# Will Apple release G5 laptops?



## Perseus (Nov 25, 2004)

Since I am considering getting a laptop, I am curious as to whether Apple has plans on releasing G5 laptops anytime soon.  Otherwise, I'm really considering getting a  Powerbook G4.  (I dont want to buy it and then the next week they have G5's).


----------



## g/re/p (Nov 25, 2004)

A G5 PowerBook would be nice, but there is no way i would
risk purchasing a Rev A model.


----------



## Zammy-Sam (Nov 25, 2004)

As far as I know from the rumors, there will be a G4 update before the new G5 books will finally arrive along with a new design. 
There is one rule, that always applies to tech stuff: if you can afford to wait, then wait..


----------



## symphonix (Nov 25, 2004)

True, but in this case all the information I have suggests that the G5 PowerBook won't be available until at least Mid-2005, though I suspect it may be as late as Jan-2006. The info I have is that Apple and IBM are trialling a handful of different processor options at the moment and are getting some very promising results, but its still not ready to be tested in prototype models.
These are likely to be running about a 1.4 to 1.8ghz G5 so its not really worth waiting 6-10 months for the launch, then another 6-8 weeks for one to ship, unless you're really going to get some benefit from the G5.
The current G4 PowerBooks use a very optimised, mature and reliable processor and will make light work of some quite hefty tasks, so I'd just recommend going ahead and getting yourself the current model.

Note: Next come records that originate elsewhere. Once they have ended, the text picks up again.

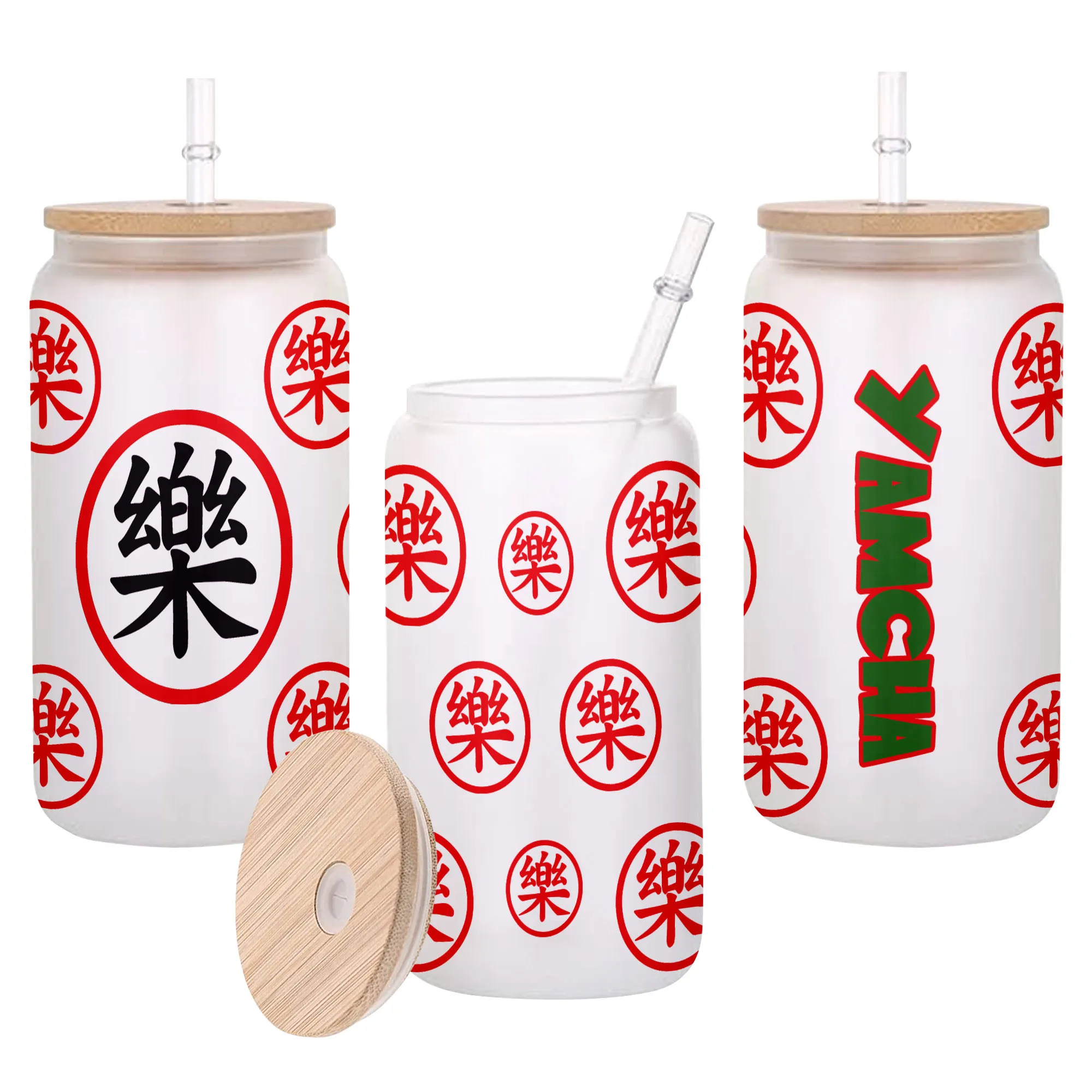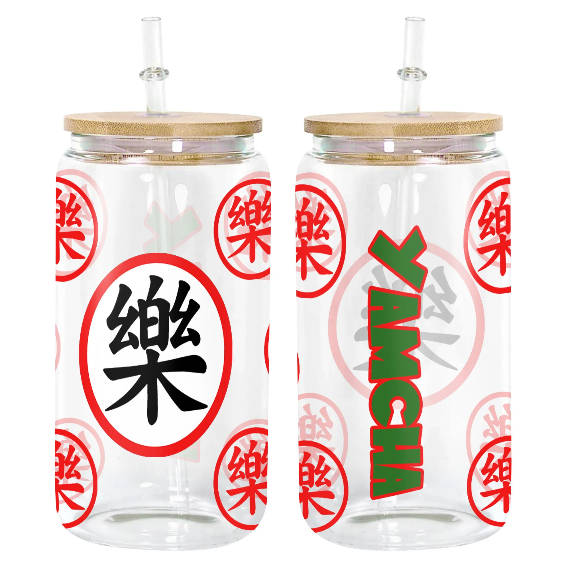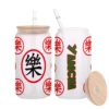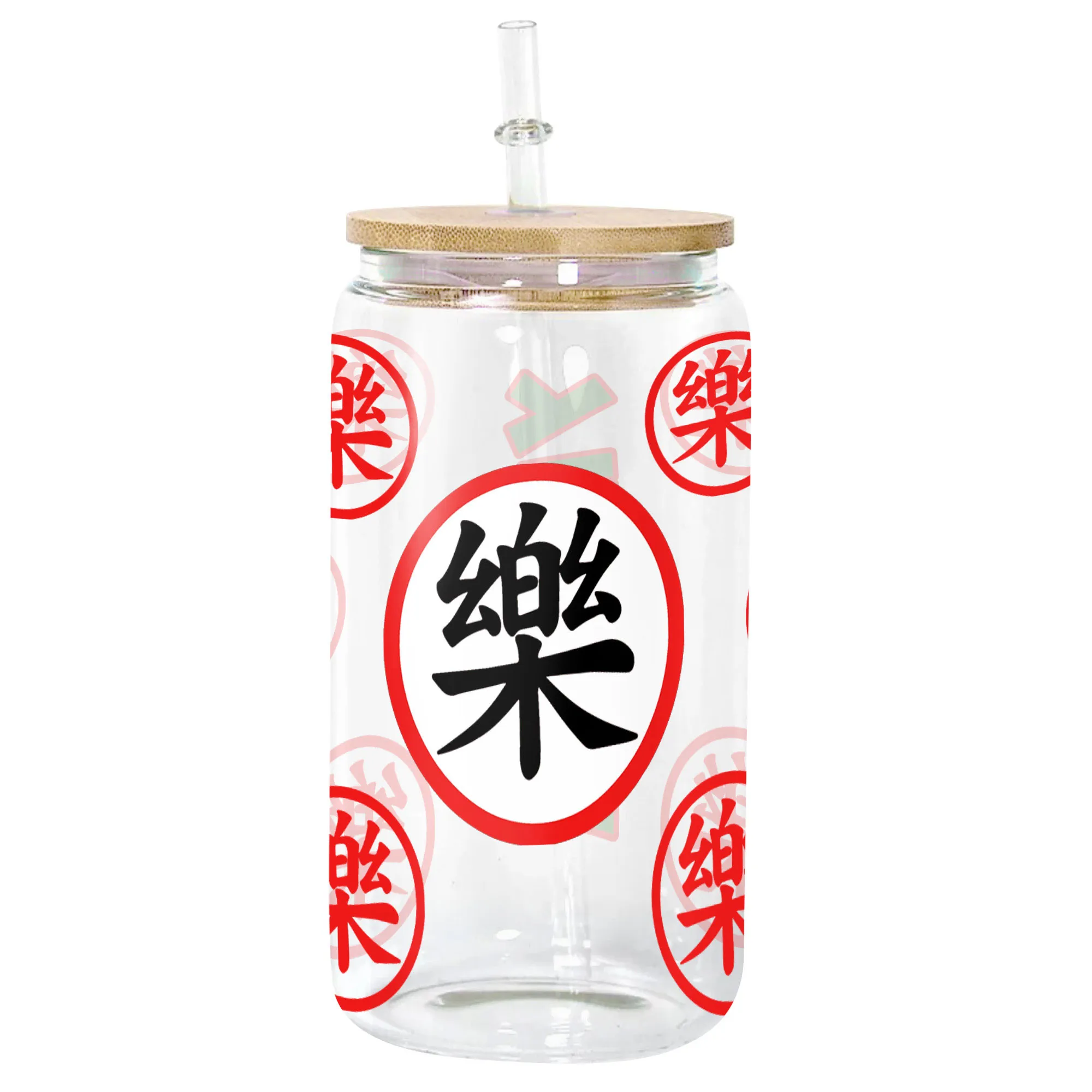 All of our Glass Can 16oz are custom-made-to-order and handcraftedwith high-quality glass material and accompanied by a convenient hard plastic straw and a wooden lid with a convenient hold for straw.
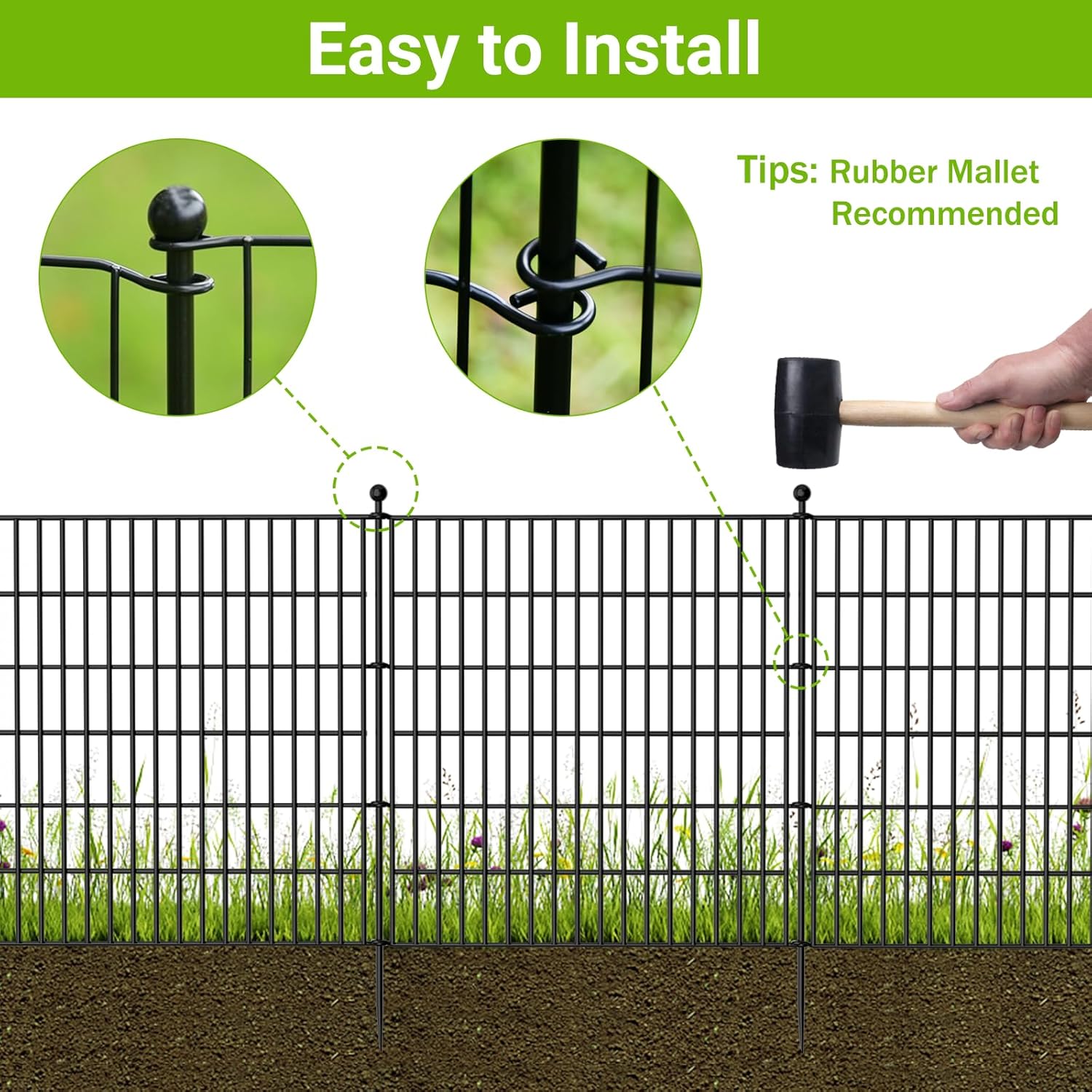 - LOW-MAINTENANCE & RUSTPROOF MATERIAL>>Say goodbye to the hassle of maintaining wooden fences. Our rustproof metal garden fence is made from high-quality wrought iron that won't rot, warp, or fade over time. Enjoy minimal upkeep and years of reliable performance in your yard and garden.
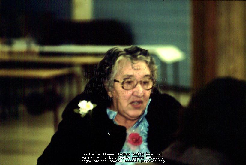 | Description: | Photograph of an Elder at an Association of Métis and Non-Status Indians of Saskatchewan (AMNSIS) Local 21, Sakitowak meeting. |
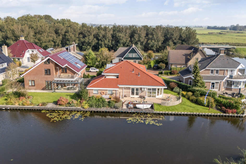 Vrijstaande villa met grote, aangebouwde garage/hobbyruimte, erg aantrekkelijk gelegen aan open vaarwater en met ruim en vrij uitzicht!
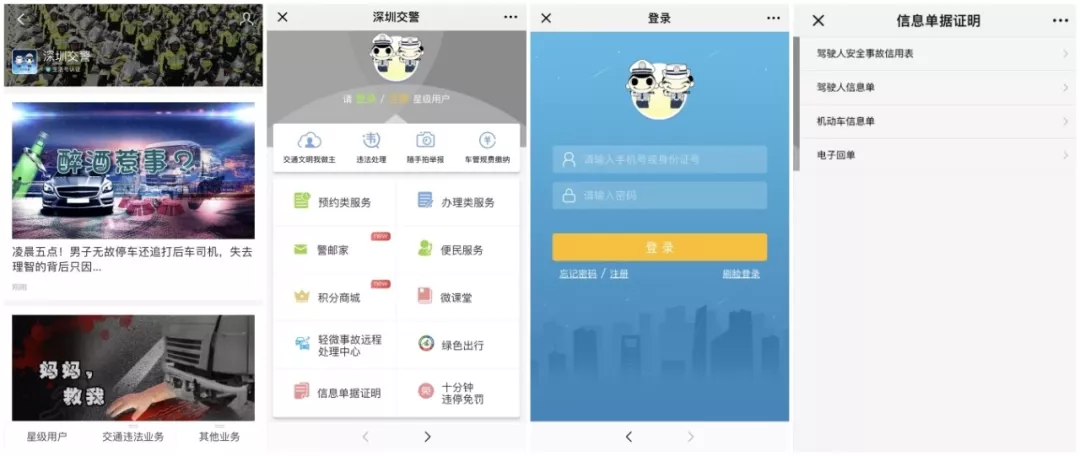 搜索公眾號“深圳交警” →登錄星級用戶 →選擇“信息單據(jù)證明” →選擇需要打印的證明類型
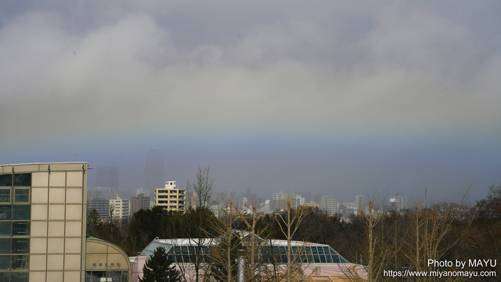 2026年2月28日、12:11の虹。冬の昼の太陽の角度だとこう見える。
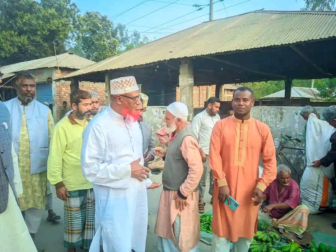 টুনিররহাট বাজারে সকল ব্যবসায়ী ভাইদের সাথে কুশল বিনিময় করেন এবং ব্যবসায়ী ও সাধারণ মানুষদের দ্বারে দ্বারে গিয়ে দোয়া এবং - খোজ খবর নিচ্ছেন
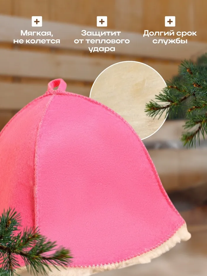 Шапка для бани из натуральной овчины, выполненная в нежно-розовом фетре, идеально подойдет для любительниц уюта и стиля. Содержание шерсти — 100%, что обеспечивает превосходные теплоизоляционные свойства. Простой, но элегантный дизайн без рисунка подходит для женщин и доступен в размерах от 55 до 60. Светлый оттенок розового добавляет образу женственности и легкости. Этот аксессуар станет не только полезным, но и стильным дополнением к вашим банным процедурам.
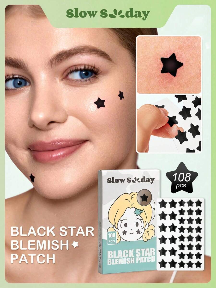 SlowSunday Black Star Blemish Patch, 108pcs, Cute Black Star-Shaped, Hydrocolloid Materials, Ultra-Thin Design, Full Cover, Waterproof & Breathable, Refreshing & Comfortable, Mild & Non-Irritating, For Pre-Makeup And Daily Care, Better Coverage, For Face & Body, For Covering Zits And Blemishes Pimple Patches, Y2K, Great For  Dating, Birthday, Anniversary, Or Any Special Occasion, For Christmas's Day Holidays, Christmas Party, Christmas Gift

You won't be disappointed!


----------



## scruffy (Nov 25, 2004)

They'd better throw in a pair of asbestos iPants with G5 laptops, or there'll be a lot of sad Mac users out there.


----------



## symphonix (Nov 29, 2004)

Why else do you think Apple started making Socks? They're just testing the market so that they can release a whole truckload of tech-centric clothing.


----------



## quiksan (Nov 29, 2004)

scruffy said:
			
		

> They'd better throw in a pair of asbestos iPants with G5 laptops, or there'll be a lot of sad Mac users out there.



LMAO!
seriously.  my 17" G4 gets warm enough at long stretches.  
a G5 powerbook would give new meaning to "hotpants"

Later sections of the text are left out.